***** EXCERPTED RECORDS *****
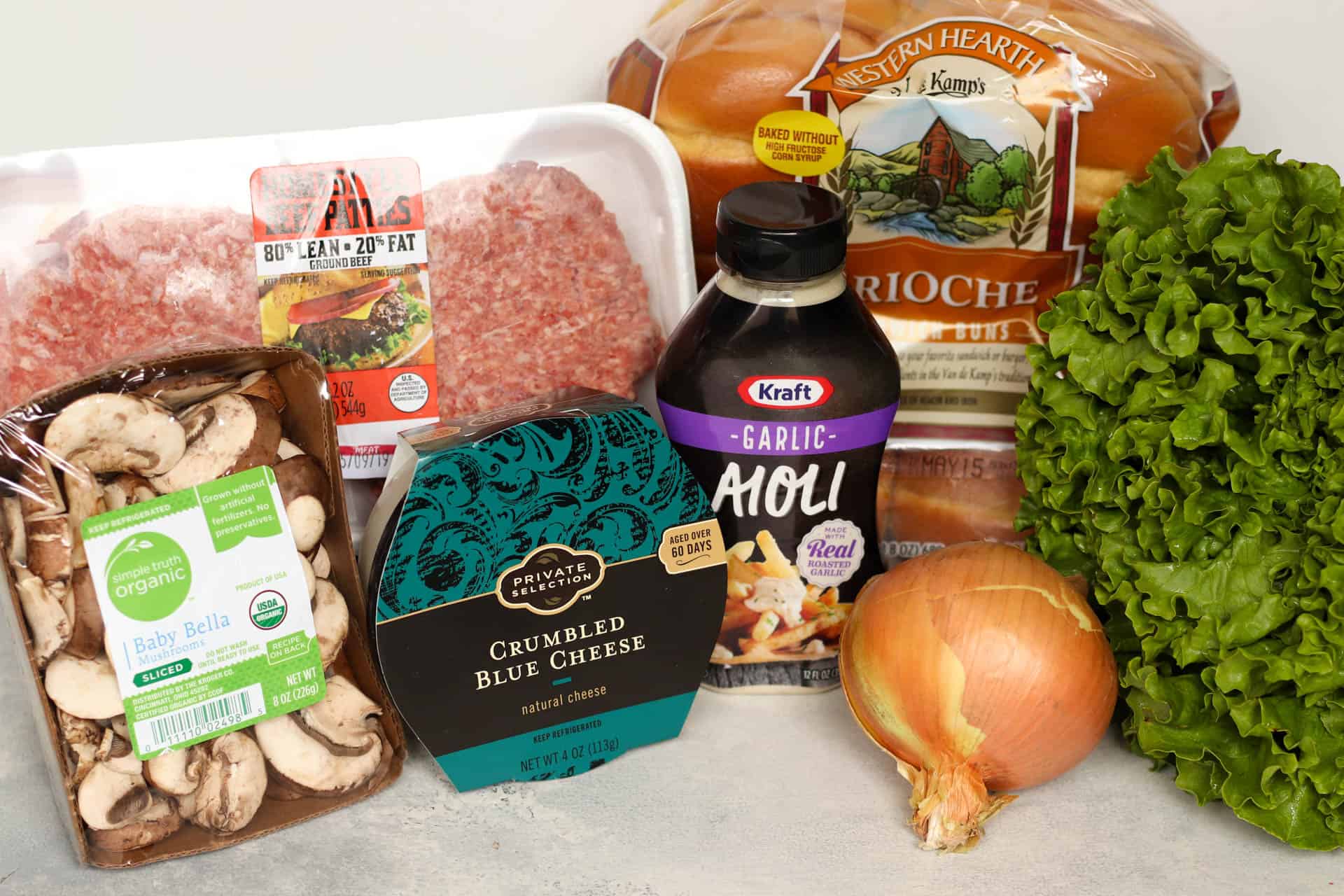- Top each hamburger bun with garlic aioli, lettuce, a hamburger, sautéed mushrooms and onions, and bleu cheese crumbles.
*****
***** EXCERPTED RECORDS *****
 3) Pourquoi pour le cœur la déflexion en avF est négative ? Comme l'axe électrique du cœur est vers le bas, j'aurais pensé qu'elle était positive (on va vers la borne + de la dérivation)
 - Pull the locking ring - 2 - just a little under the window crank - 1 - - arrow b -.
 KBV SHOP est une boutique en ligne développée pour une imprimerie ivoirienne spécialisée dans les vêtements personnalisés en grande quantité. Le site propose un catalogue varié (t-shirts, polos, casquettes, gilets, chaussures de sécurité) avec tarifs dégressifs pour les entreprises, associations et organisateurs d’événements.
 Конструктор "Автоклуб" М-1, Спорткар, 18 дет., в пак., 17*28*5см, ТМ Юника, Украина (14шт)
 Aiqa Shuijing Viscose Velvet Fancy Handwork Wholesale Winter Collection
*****
= ACTIVITY =
From the material above, set down exactly the lines starting at the one with "- Pull the locking" and ending at the one with "Aiqa Shuijing Viscose", end lines included.

= TASK RESPONSE =
 - Pull the locking ring - 2 - just a little under the window crank - 1 - - arrow b -.
 KBV SHOP est une boutique en ligne développée pour une imprimerie ivoirienne spécialisée dans les vêtements personnalisés en grande quantité. Le site propose un catalogue varié (t-shirts, polos, casquettes, gilets, chaussures de sécurité) avec tarifs dégressifs pour les entreprises, associations et organisateurs d’événements.
 Конструктор "Автоклуб" М-1, Спорткар, 18 дет., в пак., 17*28*5см, ТМ Юника, Украина (14шт)
 Aiqa Shuijing Viscose Velvet Fancy Handwork Wholesale Winter Collection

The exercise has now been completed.